Follow the recommendations below to mitigate malware threats and risk.

Recommendations:

  • Enforce Multifactor Authentication (MFA) wherever possible. Focus critically on connections to integrators, maintenance, vendor personnel, and crown jewels such as safety equipment.
  • Passively identify and monitor ICS network assets to identify key assets, chokepoints, and external communications in the network.
  • Monitor network traffic to identify connections between networks and connections that were not originally known. Monitor to provide insights into ICS communications and help with better zoning and segmentation.
  • Create an ICS specific incident response plan and conduct tabletop exercises to practice how to handle different incidents.
  • Look for threat behaviors and known Tactics, Techniques, and Procedures (TTPs) that adversaries use, like those mapped to ATT&CK for ICS.
  • Monitor outbound communications from ICS networks to detect malicious threat behaviors, configuration changes, indicators, and anomalies. Understanding malicious behaviors exhibited by malicious Activity Groups is crucial for defending against them.
  • Identify and label critical ICS assets to aid with detection and monitoring. Dragos Asset Identification allows for certain analytics to function by detecting malicious behaviors against asset types.
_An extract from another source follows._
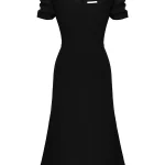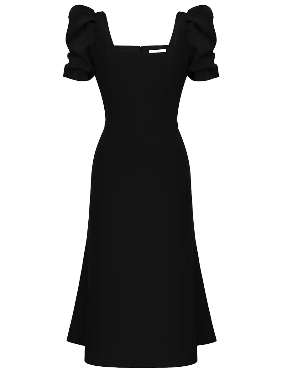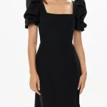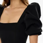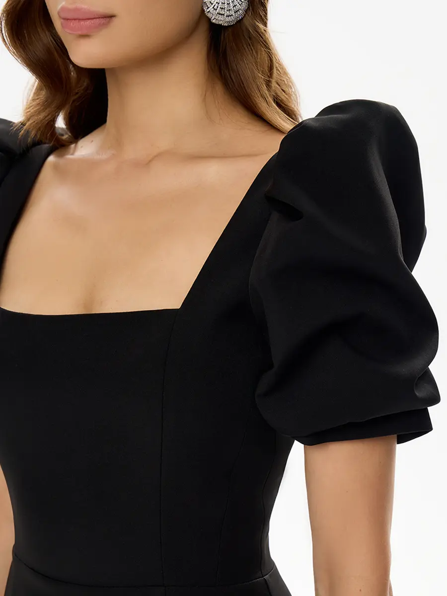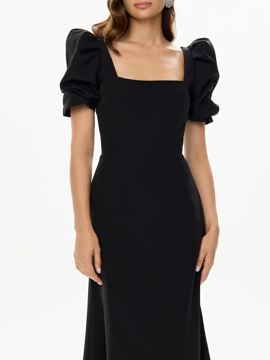 -Черное платье купажированного состава от POST MERIDIEM. -Модель приталенного силуэта с пышными короткими рукавами и юбкой-годе, застежкой на потайную молнию. -Квадратный вырез подчеркивает декольте и визуально удлиняет шею. -Модель не сковывает движения и комфортно садится по фигуре. -Легкое и воздушное платье можно носить как с минималистичными лодочками, так и с босоножками. Параметры изделия: Длина юбки от талии: 86 см. Размер XS: ОГ: 82 см; ОТ:62 см; ОБ: 89 см. Длина рукава: 30 см Размер S: ОГ: 86 см; ОТ: 66 см; ОБ: 92 см. Длина рукава: 30 см Размер M: ОГ: 90 см; ОТ: 70 см; ОБ: 98 см. Длина рукава: 30 см Размер L: ОГ: 94 см; ОТ: 74 см; ОБ: 102 см. Длина рукава: 30 см. Размер XL: ОГ: 98 см; ОТ: 80 см; ОБ: 108 см. Длина рукава: 35 см.

  • Leverage industrial-specific threat detection mechanisms to identify malware within OT and reinforce defense in depth strategies at the network level, leading to a more robust investigation ability by defenders and analysts.
  • Ensure strong network defenses between the IT and OT networks, creating chokepoints to limit malware spread.
  • Ensure corporate networks are patched to prevent malware infections from entering the environment and to prevent subsequent propagation.
  • Ensure that critical network services, such as Active Directory (AD) and the servers hosting it, are well-defended and that administrative access to hosting devices is restricted to the greatest degree possible.
  • Evaluate and limit AD federation and sharing between IT and ICS networks to the greatest extent possible. Among other items, create dedicated security groups for OT systems within a shared AD environment and limit permission for deploying GPOs or other changes to only a subset of administrators to reduce attack surface.
  • Critically examine and limit connections between corporate and ICS networks to only known, required traffic.
  • Ensure backups of enterprise network systems are maintained and test backups during disaster recovery simulations.